START Records supplied
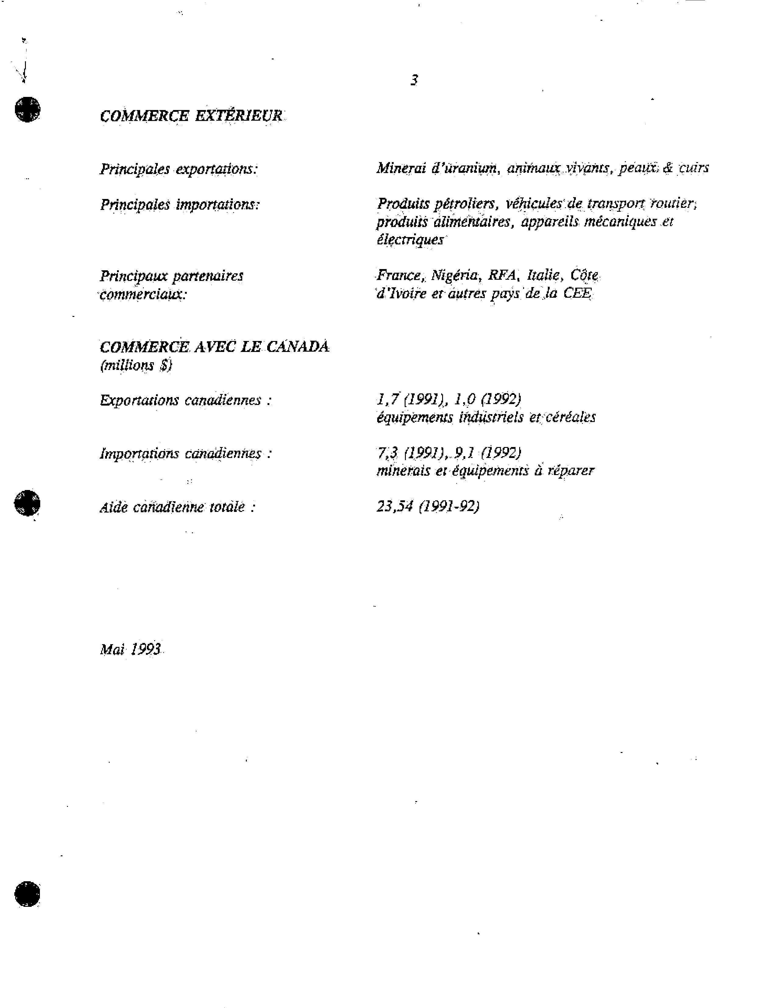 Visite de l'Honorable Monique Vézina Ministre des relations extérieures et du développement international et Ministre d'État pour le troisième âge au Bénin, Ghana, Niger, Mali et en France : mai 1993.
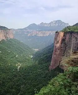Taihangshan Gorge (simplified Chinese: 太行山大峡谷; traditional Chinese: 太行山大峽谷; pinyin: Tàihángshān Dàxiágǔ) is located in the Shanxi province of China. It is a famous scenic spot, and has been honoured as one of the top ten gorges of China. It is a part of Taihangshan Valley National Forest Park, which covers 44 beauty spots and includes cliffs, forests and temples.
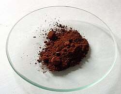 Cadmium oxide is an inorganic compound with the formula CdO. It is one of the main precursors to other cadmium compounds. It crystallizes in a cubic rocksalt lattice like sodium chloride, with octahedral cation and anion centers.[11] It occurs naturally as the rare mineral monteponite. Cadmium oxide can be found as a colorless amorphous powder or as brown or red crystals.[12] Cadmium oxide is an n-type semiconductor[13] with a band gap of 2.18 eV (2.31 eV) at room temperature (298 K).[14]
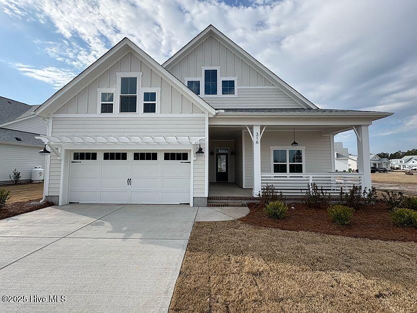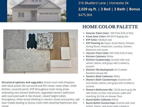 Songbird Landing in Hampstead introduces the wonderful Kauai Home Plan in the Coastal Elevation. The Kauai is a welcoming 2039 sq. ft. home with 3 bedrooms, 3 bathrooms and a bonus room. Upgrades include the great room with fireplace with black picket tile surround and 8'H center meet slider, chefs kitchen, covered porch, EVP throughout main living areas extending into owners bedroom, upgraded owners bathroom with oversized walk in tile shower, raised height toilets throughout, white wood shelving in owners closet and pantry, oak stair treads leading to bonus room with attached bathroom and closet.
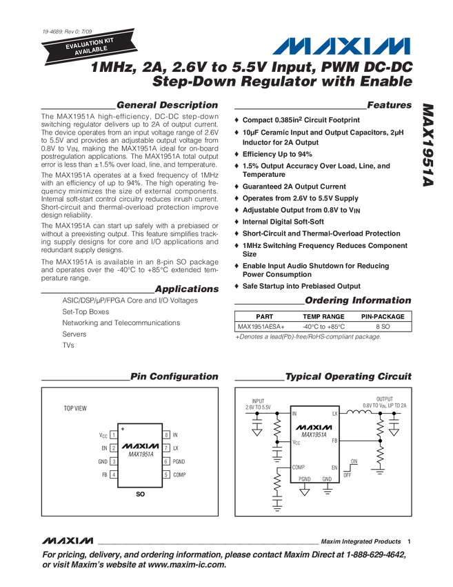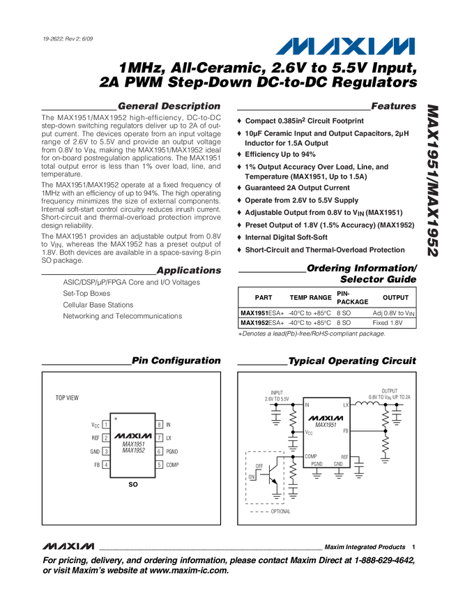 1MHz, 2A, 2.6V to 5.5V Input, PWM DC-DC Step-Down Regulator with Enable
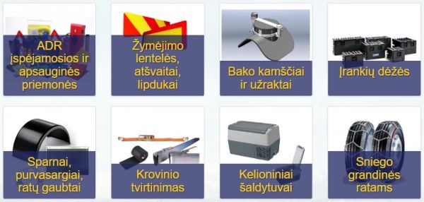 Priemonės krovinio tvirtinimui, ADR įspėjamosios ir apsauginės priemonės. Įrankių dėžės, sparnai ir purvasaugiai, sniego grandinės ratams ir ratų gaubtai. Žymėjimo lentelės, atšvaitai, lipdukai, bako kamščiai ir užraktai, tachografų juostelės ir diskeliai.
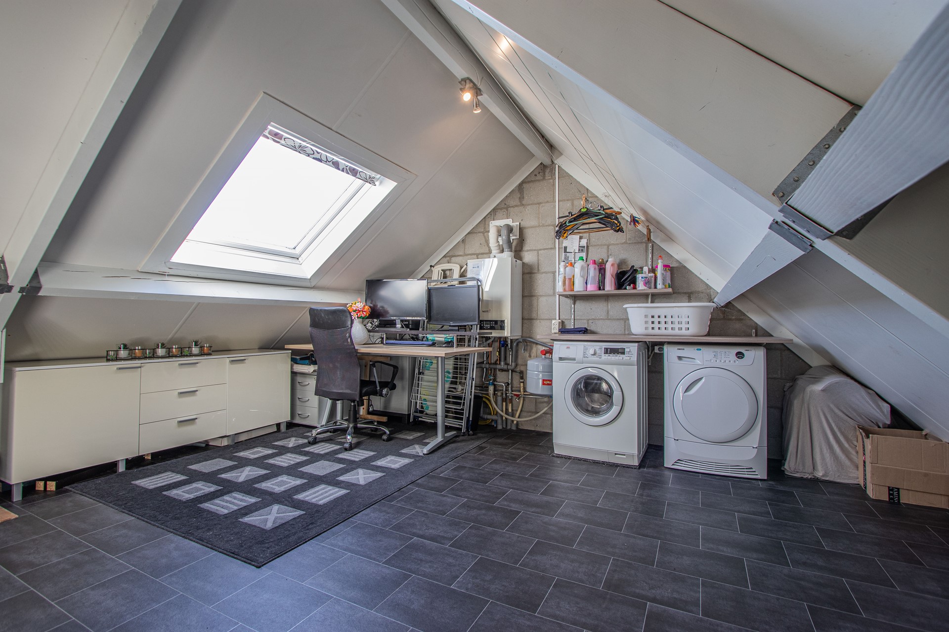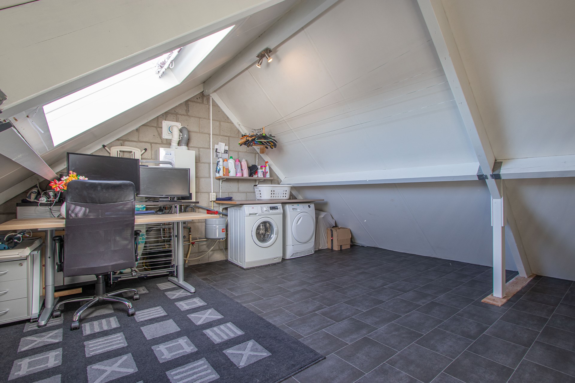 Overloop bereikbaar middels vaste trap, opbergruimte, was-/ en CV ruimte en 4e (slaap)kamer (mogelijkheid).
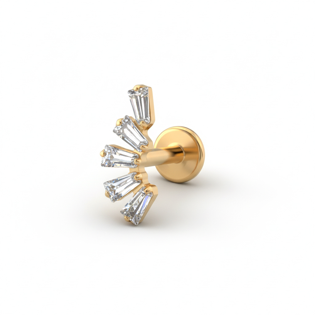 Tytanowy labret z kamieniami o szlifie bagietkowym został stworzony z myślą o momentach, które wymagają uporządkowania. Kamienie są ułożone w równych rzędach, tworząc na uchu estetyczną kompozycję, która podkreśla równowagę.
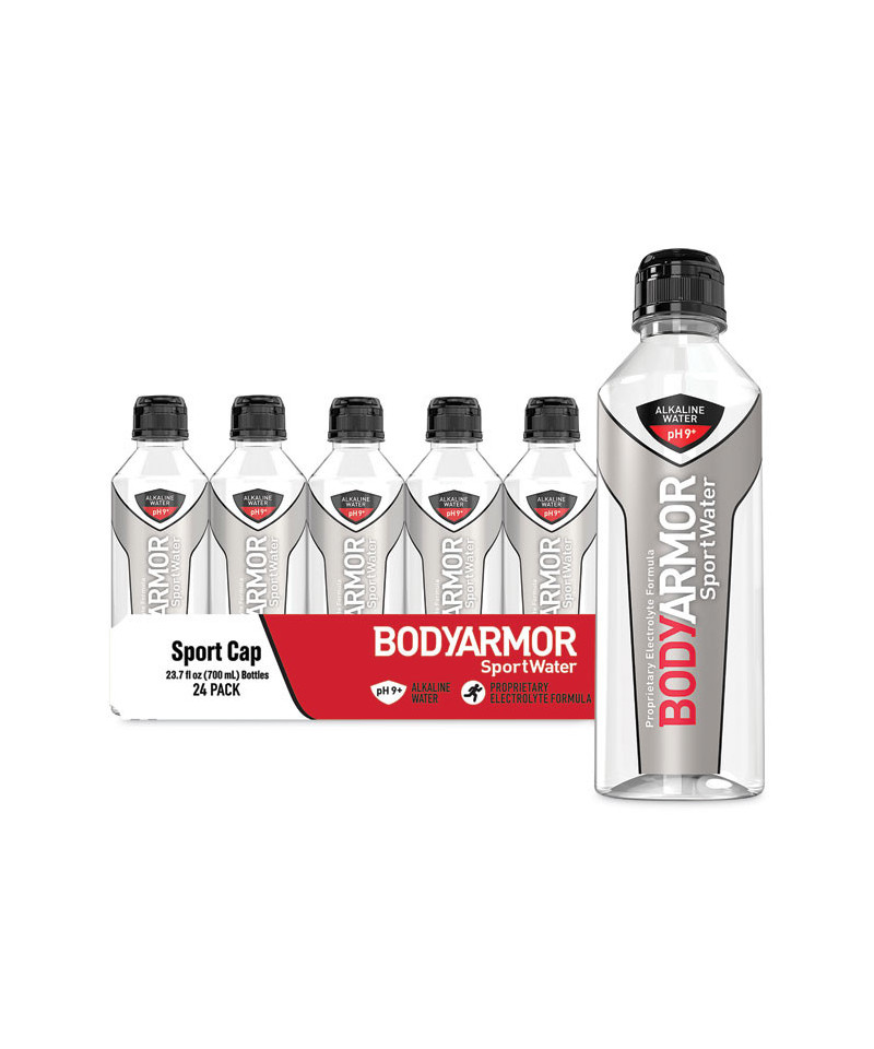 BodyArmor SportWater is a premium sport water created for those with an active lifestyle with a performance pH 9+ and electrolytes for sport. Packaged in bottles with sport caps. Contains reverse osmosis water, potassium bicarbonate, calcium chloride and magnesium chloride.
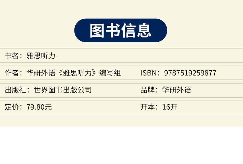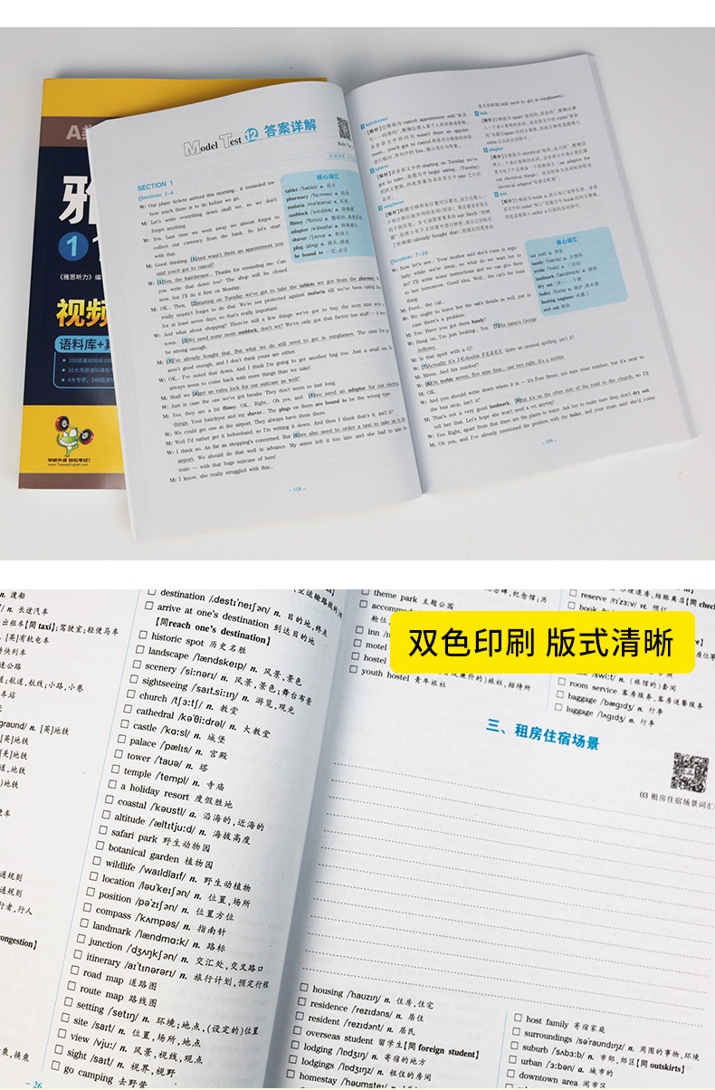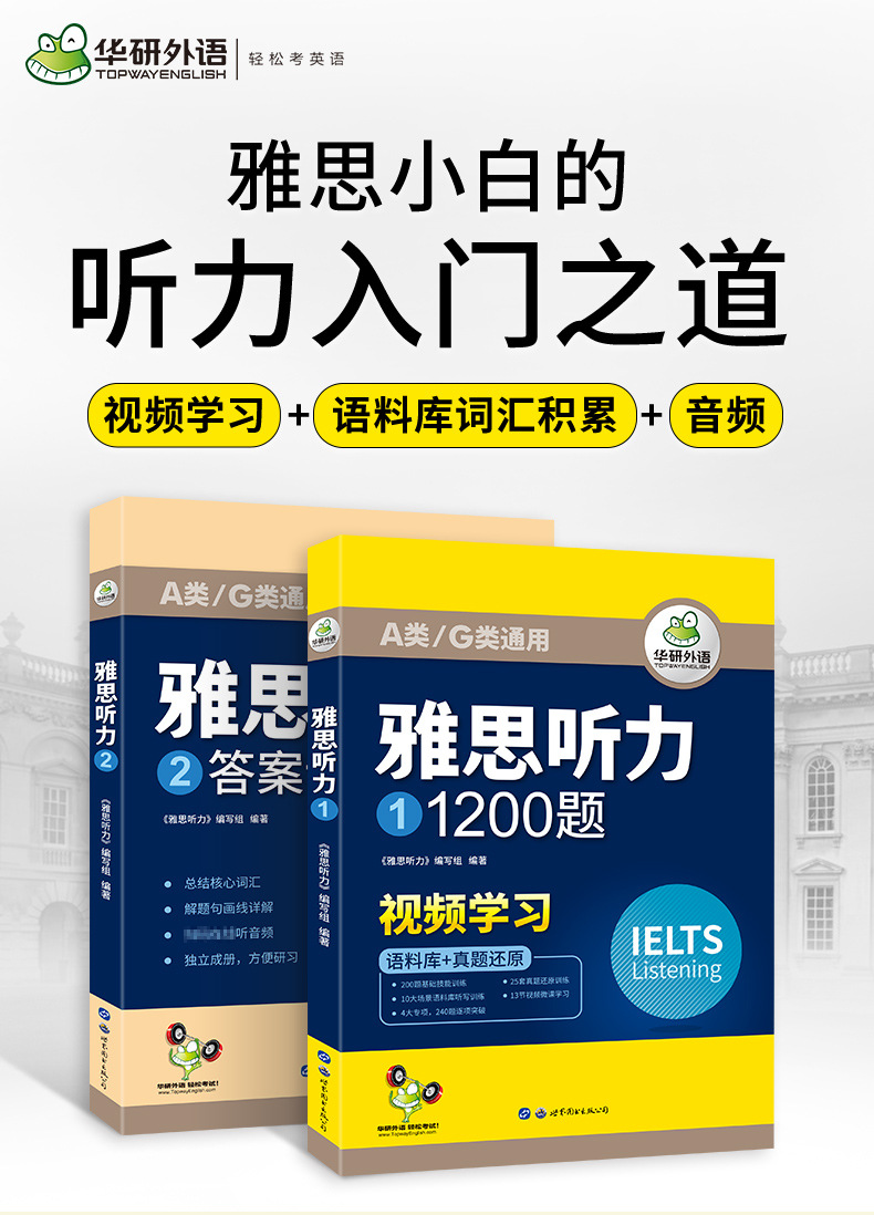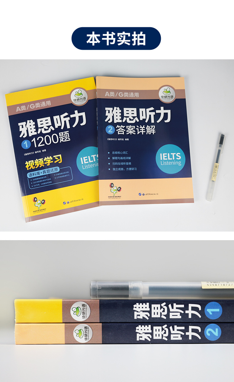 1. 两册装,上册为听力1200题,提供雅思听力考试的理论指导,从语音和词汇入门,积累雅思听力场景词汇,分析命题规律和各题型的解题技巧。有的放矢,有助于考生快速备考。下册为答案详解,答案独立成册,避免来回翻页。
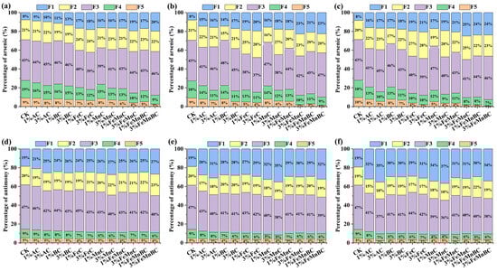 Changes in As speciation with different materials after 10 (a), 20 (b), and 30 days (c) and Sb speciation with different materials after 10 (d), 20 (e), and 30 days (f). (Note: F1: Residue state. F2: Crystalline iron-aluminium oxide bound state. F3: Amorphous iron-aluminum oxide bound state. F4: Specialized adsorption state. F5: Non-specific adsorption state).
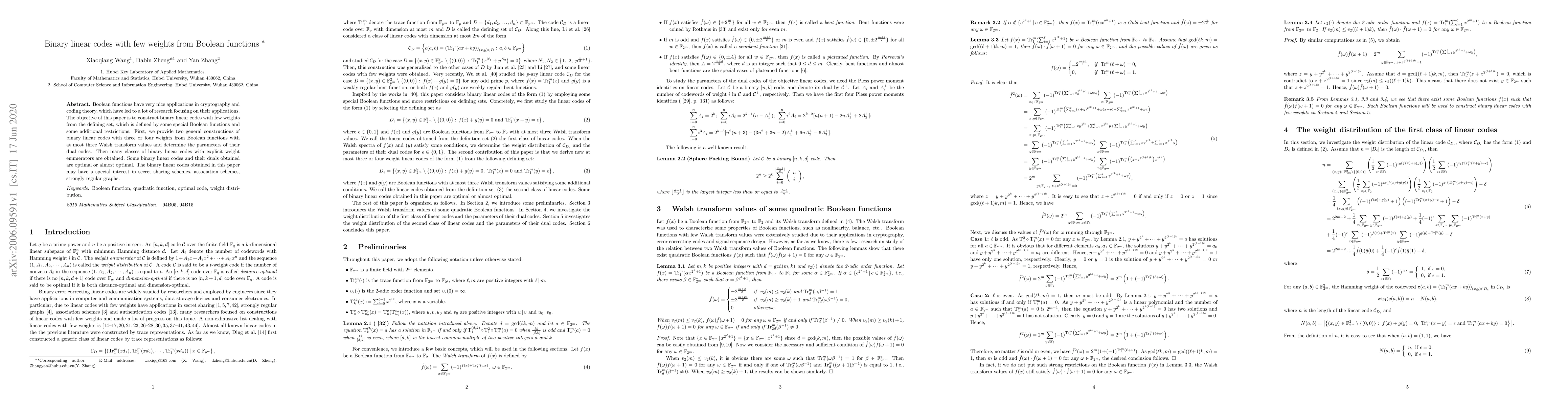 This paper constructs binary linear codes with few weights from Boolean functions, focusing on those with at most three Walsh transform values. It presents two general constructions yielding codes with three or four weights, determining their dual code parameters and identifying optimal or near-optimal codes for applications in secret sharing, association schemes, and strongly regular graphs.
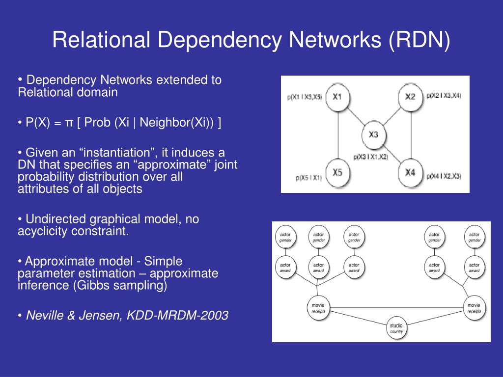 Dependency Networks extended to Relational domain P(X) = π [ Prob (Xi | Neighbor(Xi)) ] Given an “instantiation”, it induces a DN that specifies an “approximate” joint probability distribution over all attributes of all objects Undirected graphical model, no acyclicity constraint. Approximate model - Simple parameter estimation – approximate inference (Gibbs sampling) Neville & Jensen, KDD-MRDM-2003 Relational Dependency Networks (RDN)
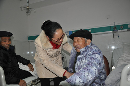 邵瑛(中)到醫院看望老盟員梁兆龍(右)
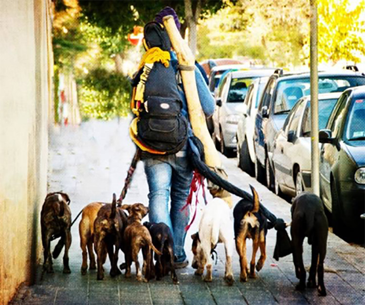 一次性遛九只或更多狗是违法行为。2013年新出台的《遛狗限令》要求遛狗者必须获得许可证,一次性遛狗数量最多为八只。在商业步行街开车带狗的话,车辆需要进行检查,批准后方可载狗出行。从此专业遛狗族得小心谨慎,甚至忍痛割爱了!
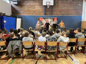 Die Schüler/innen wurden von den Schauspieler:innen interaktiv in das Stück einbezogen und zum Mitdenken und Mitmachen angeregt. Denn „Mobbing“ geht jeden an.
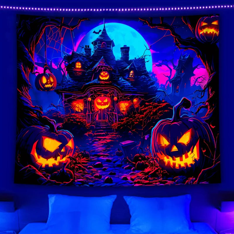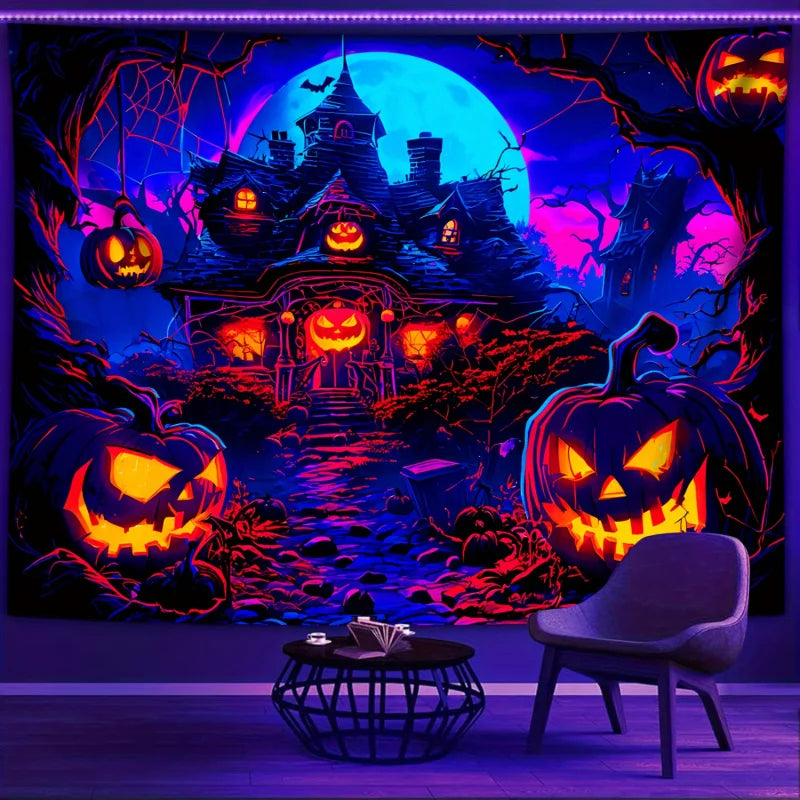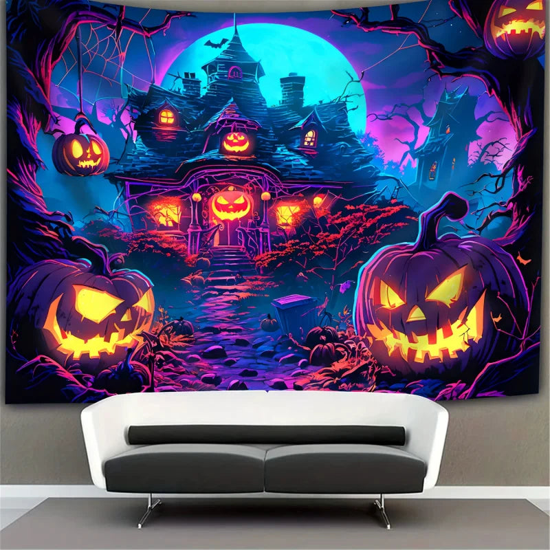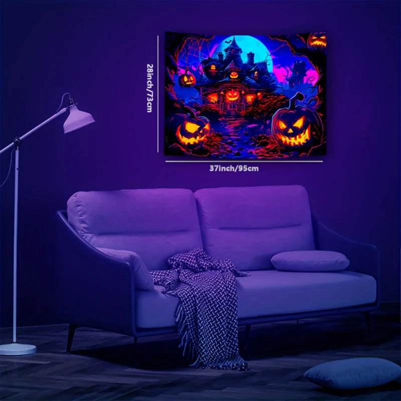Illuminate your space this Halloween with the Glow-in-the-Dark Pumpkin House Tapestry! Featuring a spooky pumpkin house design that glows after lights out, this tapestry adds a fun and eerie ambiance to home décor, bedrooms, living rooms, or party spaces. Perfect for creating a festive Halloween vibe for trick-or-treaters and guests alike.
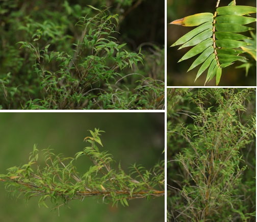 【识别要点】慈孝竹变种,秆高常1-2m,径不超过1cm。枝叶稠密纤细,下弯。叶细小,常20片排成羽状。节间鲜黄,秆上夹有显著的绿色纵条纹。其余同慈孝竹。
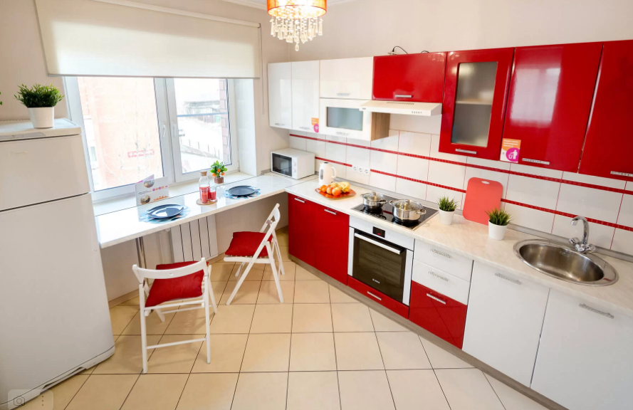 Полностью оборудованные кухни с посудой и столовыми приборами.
END Records supplied
■ Task details ■
Your answer must be the lines above from the one holding "Tytanowy labret z" up to and including the one holding "1. 两册装,上册为听力12", exact and with no pictures.

■ Response to this task ■
 Tytanowy labret z kamieniami o szlifie bagietkowym został stworzony z myślą o momentach, które wymagają uporządkowania. Kamienie są ułożone w równych rzędach, tworząc na uchu estetyczną kompozycję, która podkreśla równowagę.
 BodyArmor SportWater is a premium sport water created for those with an active lifestyle with a performance pH 9+ and electrolytes for sport. Packaged in bottles with sport caps. Contains reverse osmosis water, potassium bicarbonate, calcium chloride and magnesium chloride.
 1. 两册装,上册为听力1200题,提供雅思听力考试的理论指导,从语音和词汇入门,积累雅思听力场景词汇,分析命题规律和各题型的解题技巧。有的放矢,有助于考生快速备考。下册为答案详解,答案独立成册,避免来回翻页。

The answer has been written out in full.